» **ABOUT THIS EXERCISE**: Only the pictures are to be dropped; the rest of the data below is to be duplicated exactly.

=== Section Start ===

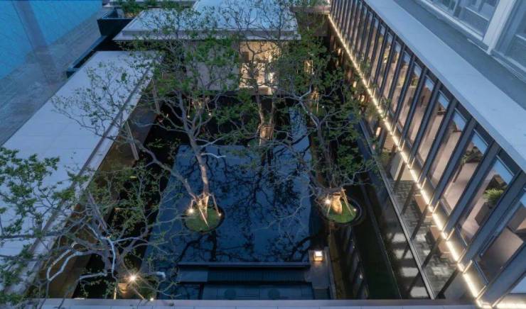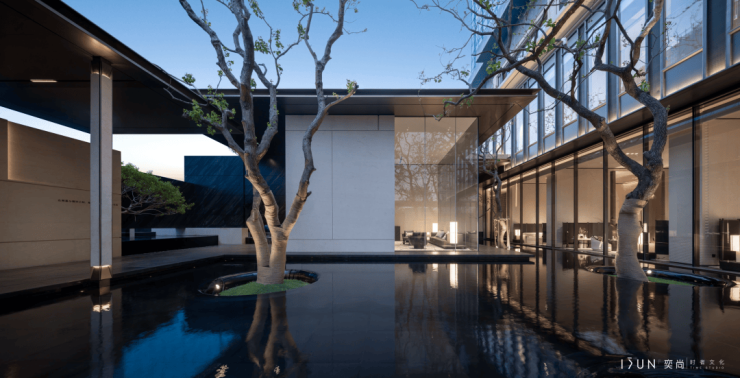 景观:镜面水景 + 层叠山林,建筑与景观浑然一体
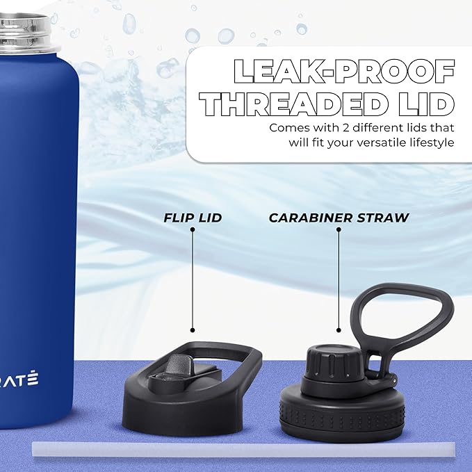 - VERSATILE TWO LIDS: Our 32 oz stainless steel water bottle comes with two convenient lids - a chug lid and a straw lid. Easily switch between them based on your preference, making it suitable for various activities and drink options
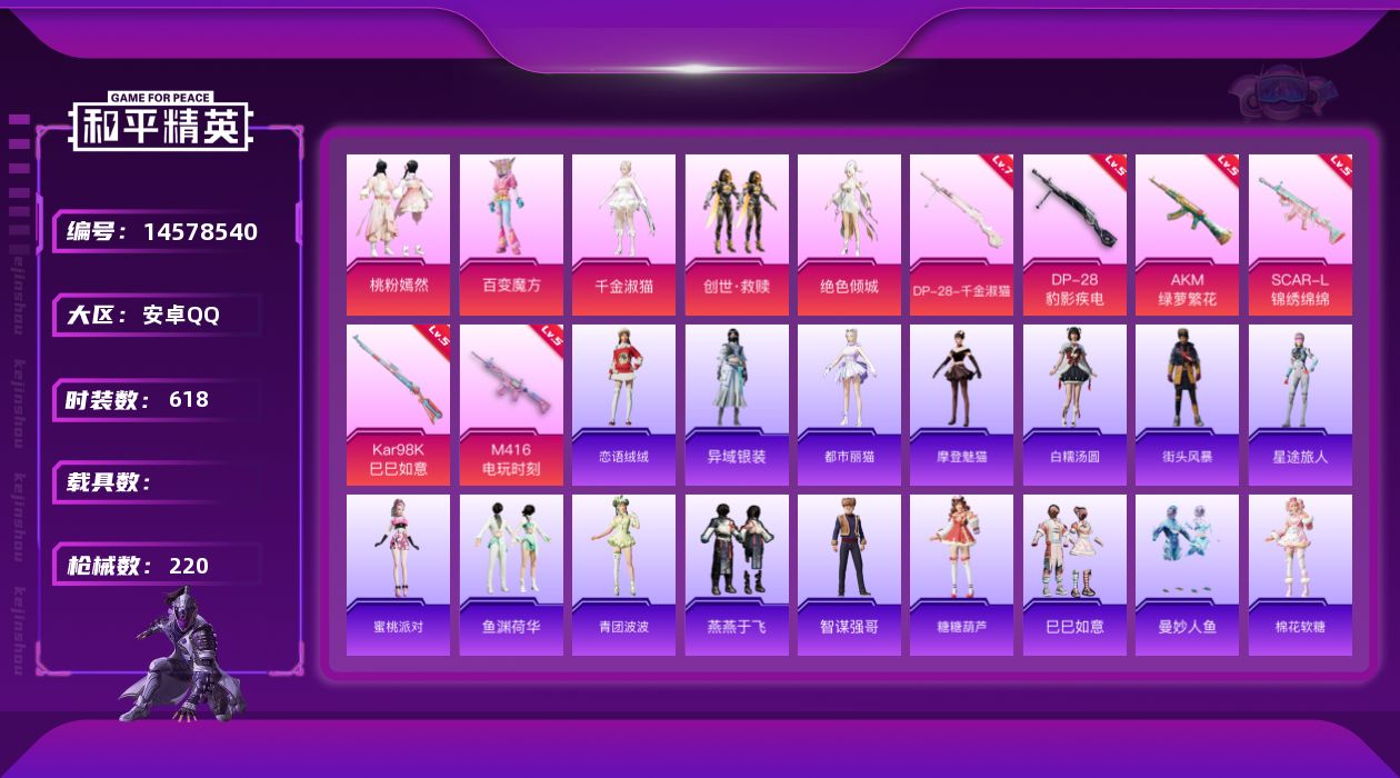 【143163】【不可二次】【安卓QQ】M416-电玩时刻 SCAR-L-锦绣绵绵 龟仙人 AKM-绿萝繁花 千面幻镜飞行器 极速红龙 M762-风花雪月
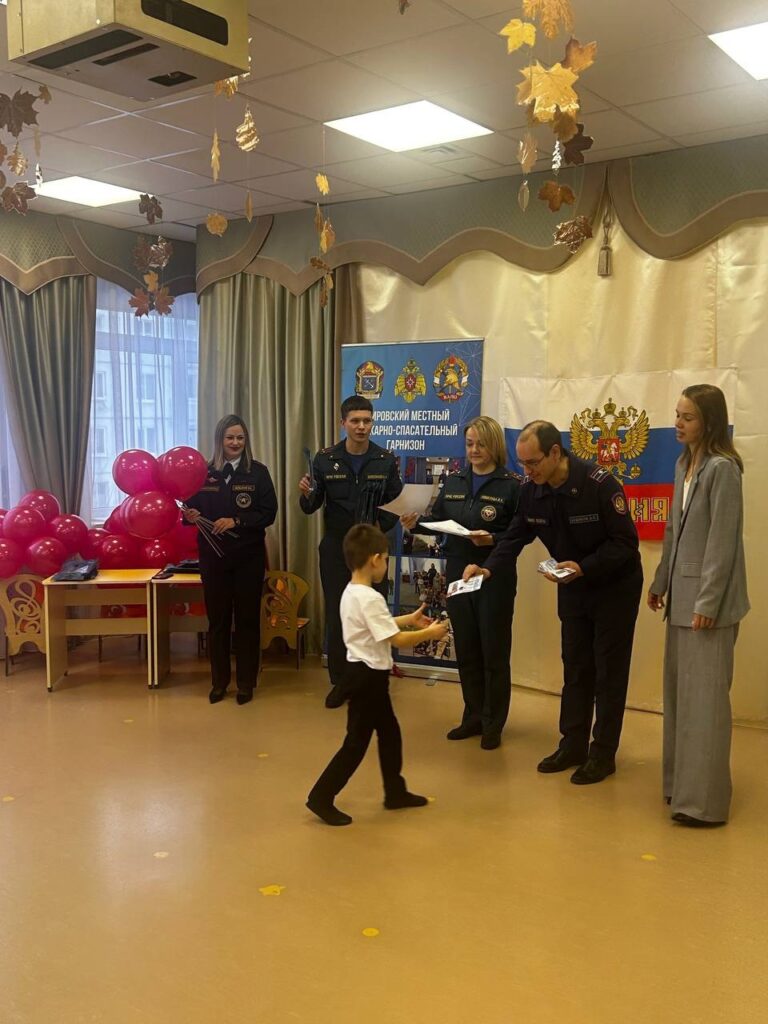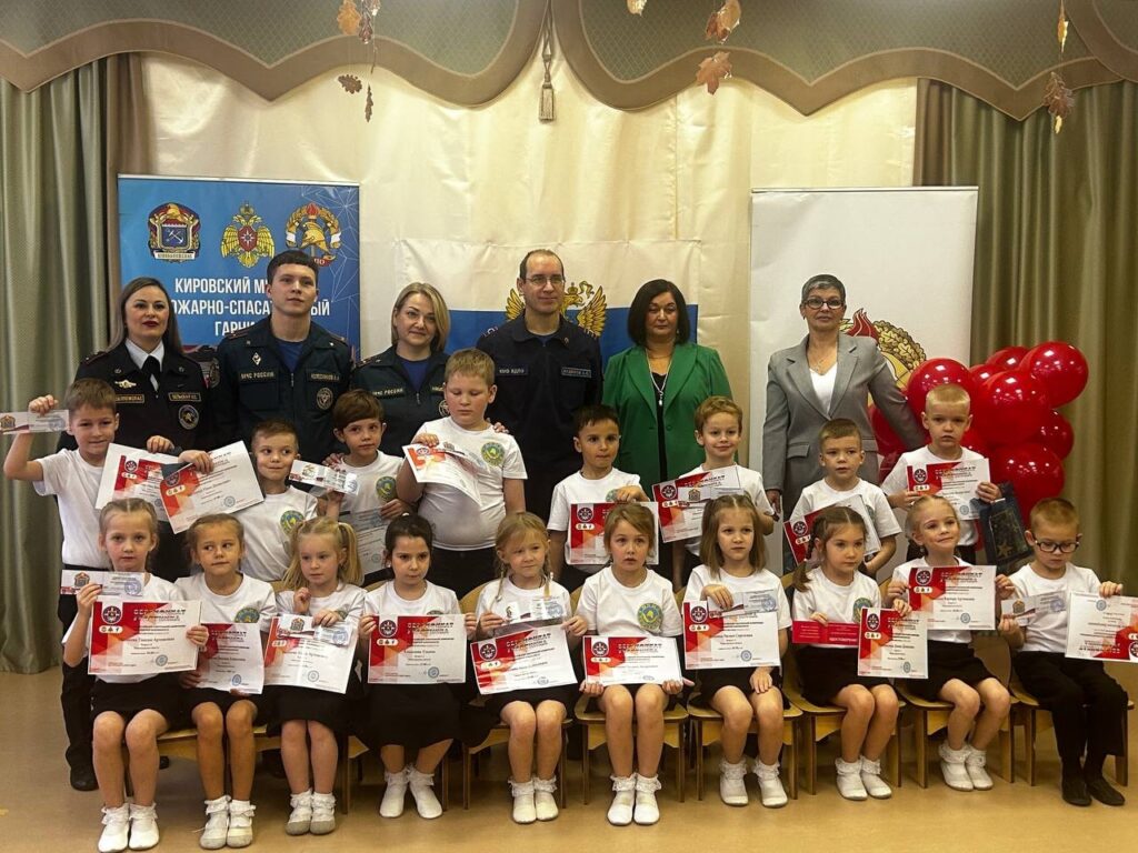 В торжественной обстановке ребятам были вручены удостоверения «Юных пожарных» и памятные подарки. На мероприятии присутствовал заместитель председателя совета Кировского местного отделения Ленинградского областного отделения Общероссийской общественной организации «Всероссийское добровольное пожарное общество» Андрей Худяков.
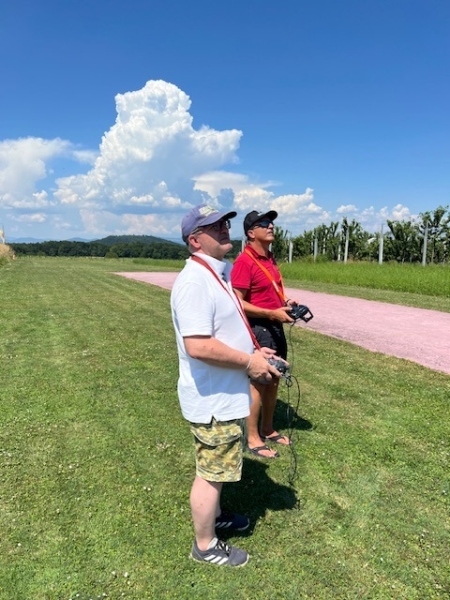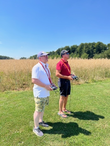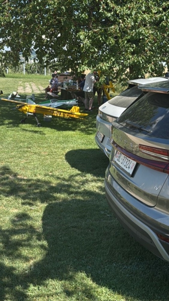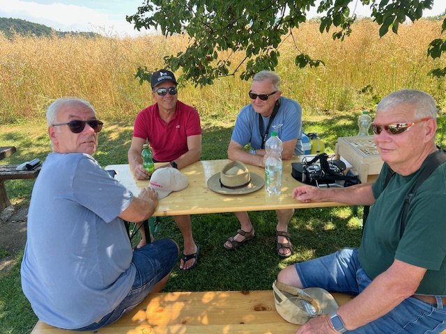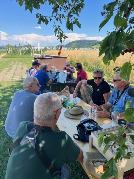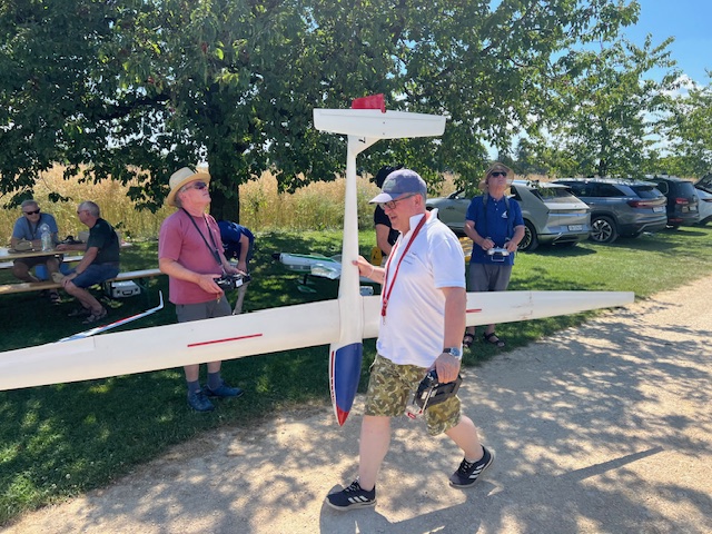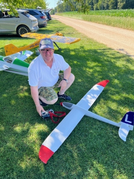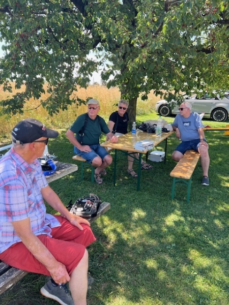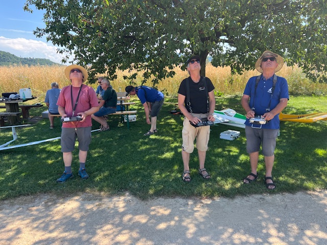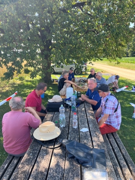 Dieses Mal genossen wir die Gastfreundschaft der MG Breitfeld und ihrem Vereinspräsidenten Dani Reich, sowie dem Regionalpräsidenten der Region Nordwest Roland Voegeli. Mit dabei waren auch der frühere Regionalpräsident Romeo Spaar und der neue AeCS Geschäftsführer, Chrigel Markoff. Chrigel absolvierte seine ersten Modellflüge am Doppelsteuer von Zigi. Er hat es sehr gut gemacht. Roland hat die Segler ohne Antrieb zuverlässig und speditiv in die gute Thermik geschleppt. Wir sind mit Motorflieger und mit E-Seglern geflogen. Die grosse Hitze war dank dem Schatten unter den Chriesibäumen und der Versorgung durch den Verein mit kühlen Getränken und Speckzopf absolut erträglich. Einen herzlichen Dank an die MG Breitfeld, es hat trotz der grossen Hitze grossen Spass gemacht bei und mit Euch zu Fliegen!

=== Section End ===

» **RESPONSE FOR THIS EXERCISE**:
 景观:镜面水景 + 层叠山林,建筑与景观浑然一体
 - VERSATILE TWO LIDS: Our 32 oz stainless steel water bottle comes with two convenient lids - a chug lid and a straw lid. Easily switch between them based on your preference, making it suitable for various activities and drink options
 【143163】【不可二次】【安卓QQ】M416-电玩时刻 SCAR-L-锦绣绵绵 龟仙人 AKM-绿萝繁花 千面幻镜飞行器 极速红龙 M762-风花雪月
 В торжественной обстановке ребятам были вручены удостоверения «Юных пожарных» и памятные подарки. На мероприятии присутствовал заместитель председателя совета Кировского местного отделения Ленинградского областного отделения Общероссийской общественной организации «Всероссийское добровольное пожарное общество» Андрей Худяков.
 Dieses Mal genossen wir die Gastfreundschaft der MG Breitfeld und ihrem Vereinspräsidenten Dani Reich, sowie dem Regionalpräsidenten der Region Nordwest Roland Voegeli. Mit dabei waren auch der frühere Regionalpräsident Romeo Spaar und der neue AeCS Geschäftsführer, Chrigel Markoff. Chrigel absolvierte seine ersten Modellflüge am Doppelsteuer von Zigi. Er hat es sehr gut gemacht. Roland hat die Segler ohne Antrieb zuverlässig und speditiv in die gute Thermik geschleppt. Wir sind mit Motorflieger und mit E-Seglern geflogen. Die grosse Hitze war dank dem Schatten unter den Chriesibäumen und der Versorgung durch den Verein mit kühlen Getränken und Speckzopf absolut erträglich. Einen herzlichen Dank an die MG Breitfeld, es hat trotz der grossen Hitze grossen Spass gemacht bei und mit Euch zu Fliegen!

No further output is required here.